Table of Contents

Providing support to other members

Please take the time to review the following support tips from time to time as they are important for keeping our community safe and helpful.

Signature line

You can provide a good example to our newer members by keeping your signature line up-to-date as you continue your progress on the protocol. You might want to add a link in your signature line to your own progress thread where you are encouraged to regularly share about your own progress.

Urgent issues

As always, for urgent issues where you are not confident of offering support, you may send an email to our Admin Staff for handling.

The following guidelines apply to all members, regardless of experience, background, professional standing or training. Members that are also Health Professionals are not excluded from following these guidelines.

Wording for posts to other members

Please remember to word your posts so that you are writing as one recovering person to another recovering person as much as that makes sense in the context of your reply.

Starting with a phrase like, “I have experienced”, or “Other members have experienced”, “I recall reading another member's post about”, or “If I were facing a similar situation”. This frames the conversation safely away from giving medical advice and can help to set a more relational tone.

In addition, our etiquette guidelines and forum policies are written to provide for the safety and benefit of all members of our support community.

When you are discussing facts and science, it is best to give links to your references for backup when possible. (Preferably links to the MPKB or reputable medical sources where appropriate.)

However, it is important to post more than links when offering support. When a person sees that their main concern has been “heard”, they will be more ready to consider additional information offered in links.

Requests for specific instruction

People often want to be told what to do. Don't give in to that. Each person's success depends on them making their own choices. We can tell them what has worked well for others, but it's important to avoid removing their participation in decisions about their own healthcare.

It is the responsibility of each member to consult with his or her personal physician to determine an appropriate course of treatment.

Terms of Use, MarshallProtocol.com

These guidelines apply to all members, regardless of experience, background, professional standing or training.

Fog check

Before you get engaged on the forums. Before you start reading and replying to posts in other member's progress threads for example, it is an excellent practice to take an inventory of your current status. Are you tired? Haven't eaten in while? Feeling mentally in a bit of a fog? Maybe a little on edge for one reason or another?
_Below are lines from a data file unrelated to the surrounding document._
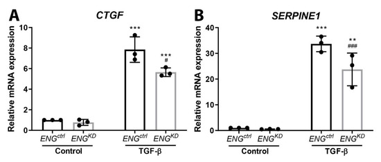 ENGKD fibroblasts have reduced TGF-β-induced upregulation of pro-fibrotic TGF-β downstream target genes. ENGctrl and ENGKD fibroblasts were incubated with 5 ng/mL TGF-β1 for 24 h, after which CTGF (A) and SERPINE1 (B) mRNA levels were measured using qPCR. The housekeeping gene HPRT was amplified as a control, and each mRNA level is plotted relative to the respective unstimulated (control) ENGctrl group. mRNA levels are plotted relative to unstimulated (control) ENGcrtl fibroblasts, and summary data are presented as the mean ± SD from three experiments. ** p < 0.01 and *** p < 0.001 versus unstimulated fibroblasts from the same cell line (Student’s t-test); # p < 0.05 and ### p < 0.001 ENGctrl versus stimulated ENGKD fibroblasts (Student’s t-test).
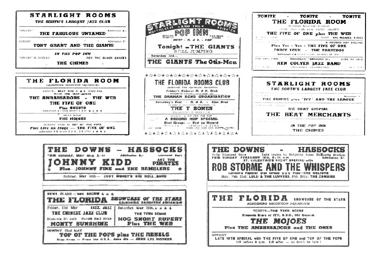Various adjoining ads for The Starlight Rooms, The Florida Rooms and The Downs. From 1964 & 1965.
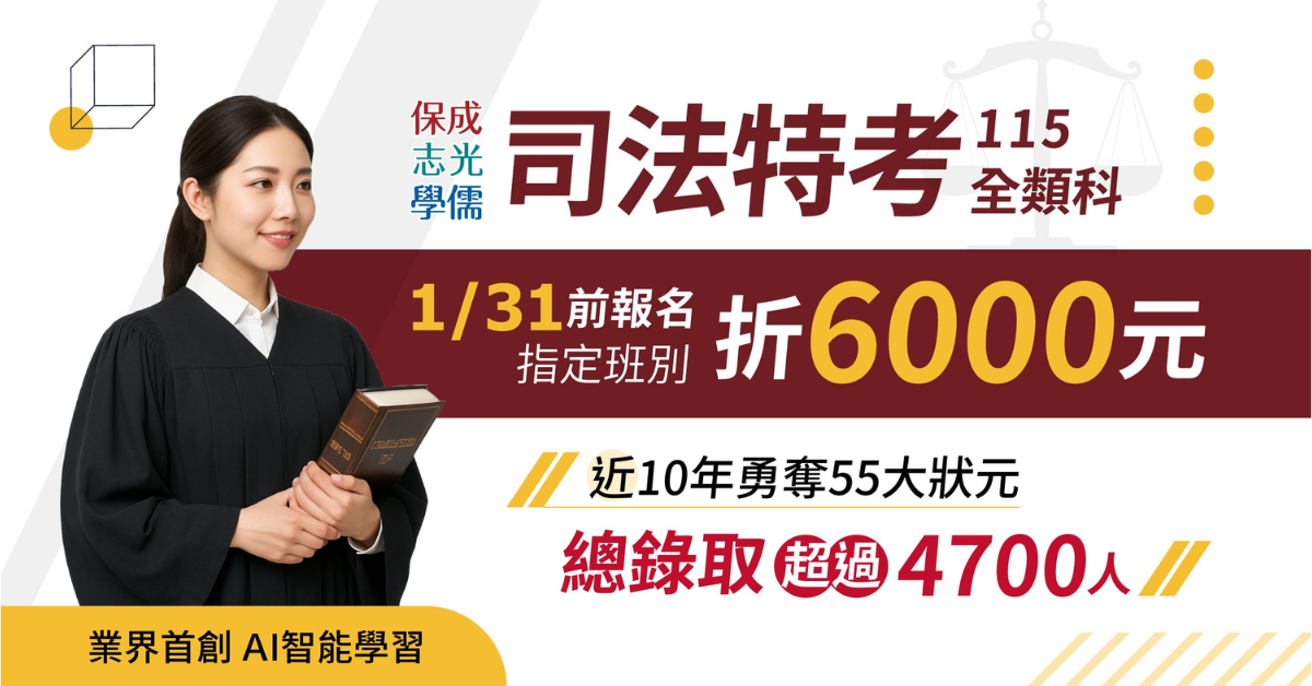 1/31前憑【在校生學生證】報名「律師司法官」,享66折優惠

If your personal check-up reveals you needing some good self-care before you offer help to others, by all means, do what you need to do to take care of yourself first. The forums will still be here when you are back and ready to offer your perspectives from a heart that is refreshed and ready to show kindness to your fellow-travelers on the road to recovery.

Check attitudes!

If someone is not in a good place attitude-wise, sometime it's best to ignore the attitude and just answer the most important question they posted.

Also, in the unlikely event that you are not feeling very friendly, you might refrain from providing support until you are doing better. As a wise person has said, truth without love will never be transformational in the heart of another.
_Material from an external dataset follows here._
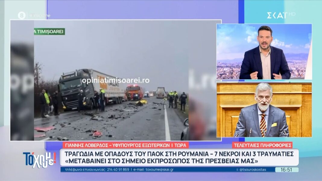 Ο Γιάννης Λοβέρδος, Υφυπουργός Εξωτερικών, αναφέρθηκε στο τραγικό δυστύχημα που σημειώθηκε στη Ρουμανία, όπου νέοι άνθρωποι έχασαν τη ζωή τους. Η δήλωσή του τονίζει τη σοβαρότητα της κατάστασης και την ανάγκη για άμεσες ενέργειες προκειμένου να διασφαλιστεί η ασφάλεια των φιλάθλων.
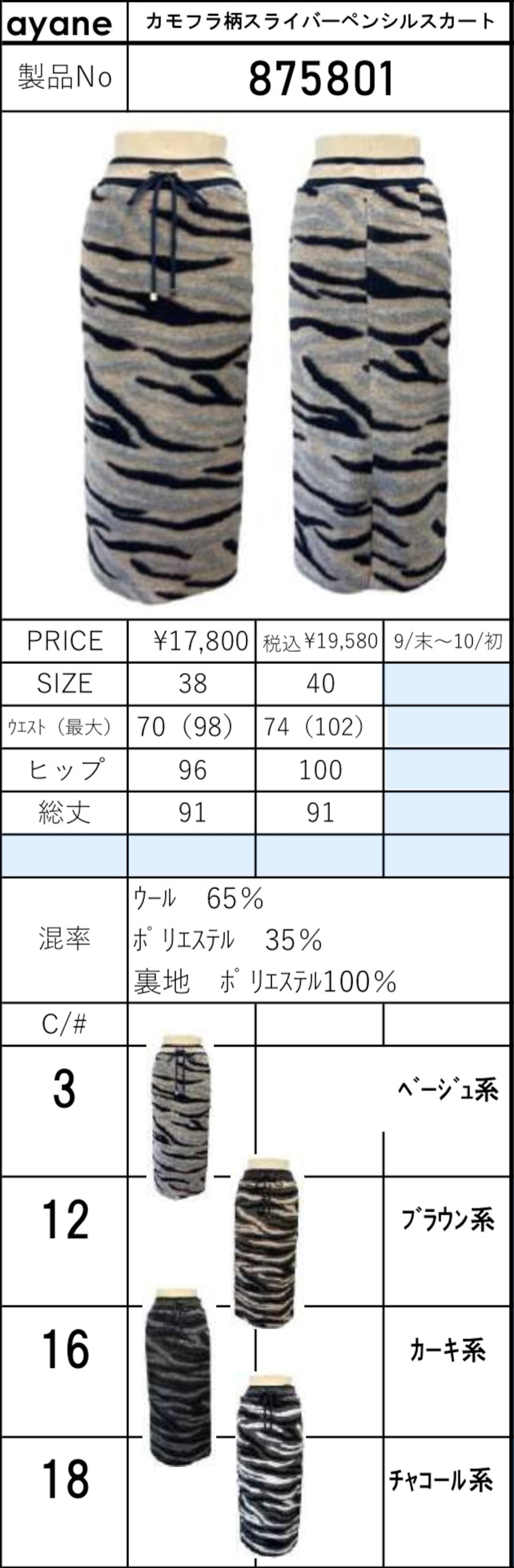 <ayane> カモフラ柄スライバーペンシルスカート(ベージュ系:38サイズ)

This is a quick checklist for determining if you are NOT in a relational frame of mind:

  1. I just want to make a problem, person or feeling go away.
  2. I don't want to listen to what others feel or say.
  3. My mind is “locked onto” something upsetting.
  4. I don't want to be connected to the people I usually like.
  5. I just want to get away, or fight, or I freeze.
  6. I more aggressively interrogate, judge, and fix others.

Some ways to help return to a relational state might include calmly taking some deep breaths, recalling your appreciation for a special memory of beautiful scenery or a favorite pet, or laying down to rest for a while.